The final period in Van Gogh's career came during his self commitment to the mental hospital of Saint-Paul-de-Mausole in a former monastery in Saint Remy de Provence. While his brother saw to it that Van Gogh had a studio room to paint in, it merely consisted of an adjoining cell with a small barred window. During his confinement, it was the lack of subject matter that found him painting new interpretations of his own earlier works and the works of other artists. All of this he did from his own memory. This is how the swirls began. Those famous swirls landed him an invitation to participate in the annual art exhibition in Brussels, hosted by the illustrious, avant-garde artist society Les XX. This then later led to his works being on display in Paris, where contemporary Claude Monet declared them to be the best in show.

Though he was finally beginning to receive a little of the recognition he longed for all his life, it came too late to pull him from his downward spiral and 70 days after his release from Saint Remy, he tragically took his own life. His last words were reportedly, "The sadness will last forever."

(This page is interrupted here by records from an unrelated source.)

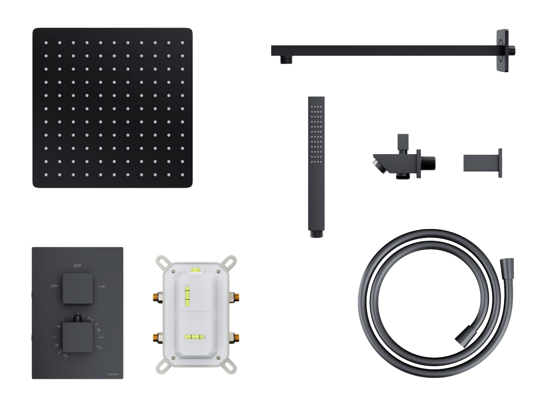 Natryskowy czarny zestaw prysznicowy Corsan ZA25TBLW kwadrat termostat i wylewka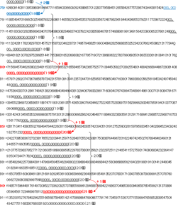- ④全体を眺めれば,25,50,75,100という5の倍数のとき(青)の階乗における末尾に並ぶ0の個数はその直前よりも2個だけ多くなるが,それ以外の5の倍数(赤)の階乗における末尾に並ぶ0の個数はその直前よりも1個だけ多くなる。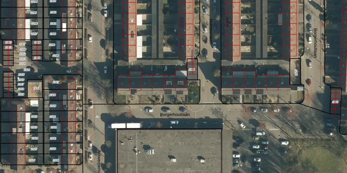 Borgerhoutlaan 9 is gelegen op kadastraal perceel WSL01M1608. Deze kadastrale aanduiding is uniek en wordt gebruikt door het Kadaster om eigendomsrechten en andere zakelijke rechten vast te leggen. Het perceel maakt onderdeel uit van de kadastrale gemeente Woensel.

**Note: In the song, there is an historical inaccuracy in the first verse. "Look out on a summer's day..." This would have been impossible for him to do since at the time The Starry Night was painted he was confined to the mental institution and had nothing more but a small, barred porthole for a window.

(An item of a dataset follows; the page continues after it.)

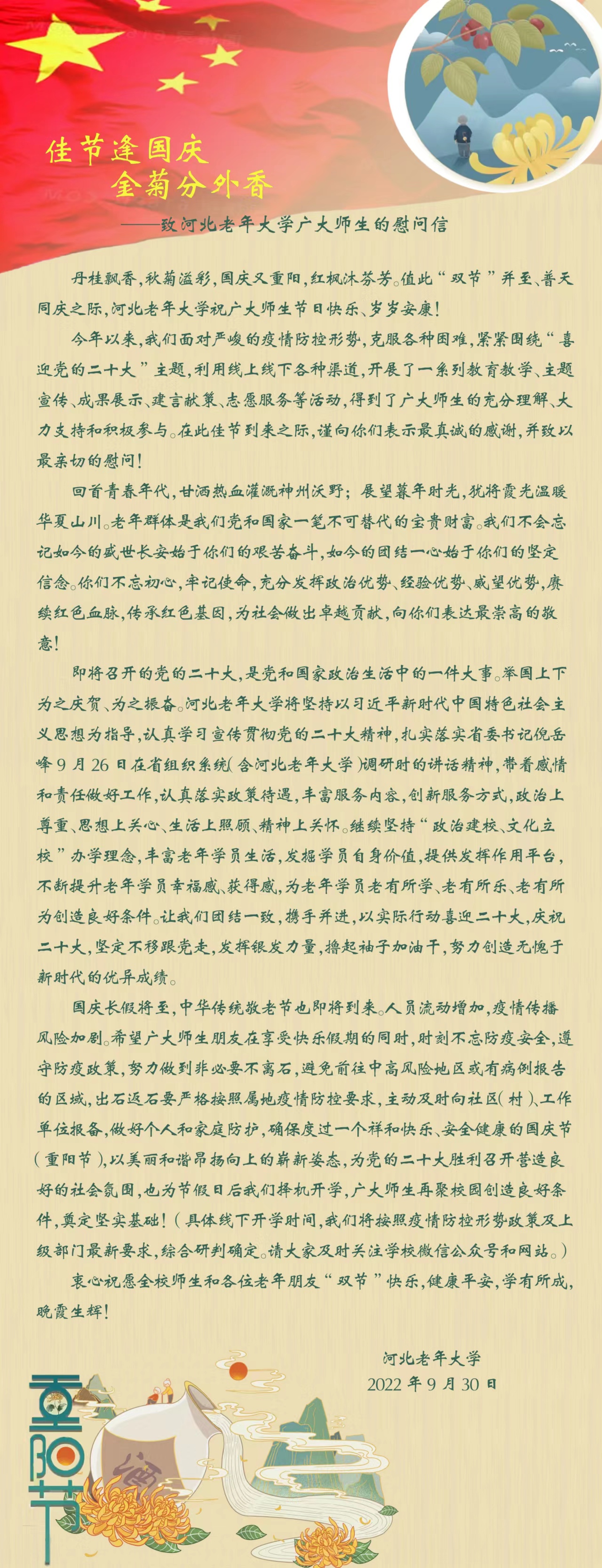 佳节逢国庆,金菊分外香——致HTH.COM-华体会(中国)广大师生的慰问信

"Vincent (Starry Starry Night)" - Don Mclean, 1971



~information found swirling around all over the internet, and cool places like this:

http://www.vangoghgallery.com/painting/starrynightlyrics.html

4 comments:

Beth in NC said...

Oh cool, thanks for bringing that song back to my memory. I used to love it and haven't heard it in MANY years. Those are some series lyrics aren't they?

Thanks!
Beth

LivingDedGrrl said...

Yes they are. So sad, too.

I'm not much of an art person. I'm a musician, but I really don't like visual arts. I could be done with the Louvre in about 15 minutes.

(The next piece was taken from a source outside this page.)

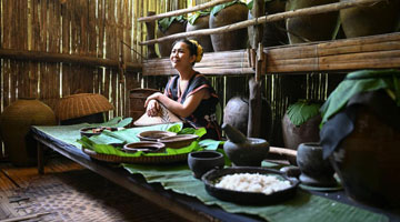 西汉彩绘人物车马镜局部彩绘图案“宴饮”(8月25日摄)。

But I have a "thing" about Van Gogh. It's weird. I could stare at his works all day. I like his stuff, even though I don't know why. I have always liked his paintings even when I didn't know they were his. His are really the only paintings I truly enjoy. I would look at his paintings and I was like "I get it!". They always "felt" kind of sad (but in a weird way) to me...and then I found out that all the paintings I was really liking were all painted by the same guy, and that was before I even knew his story.

Fong-er-fei (鳳兒飛) said...

Your blogs are very detail!

LivingDedGrrl said...

(formerly LivingDedGrrl) Thank you. I enjoy doing them because I'm learning, too.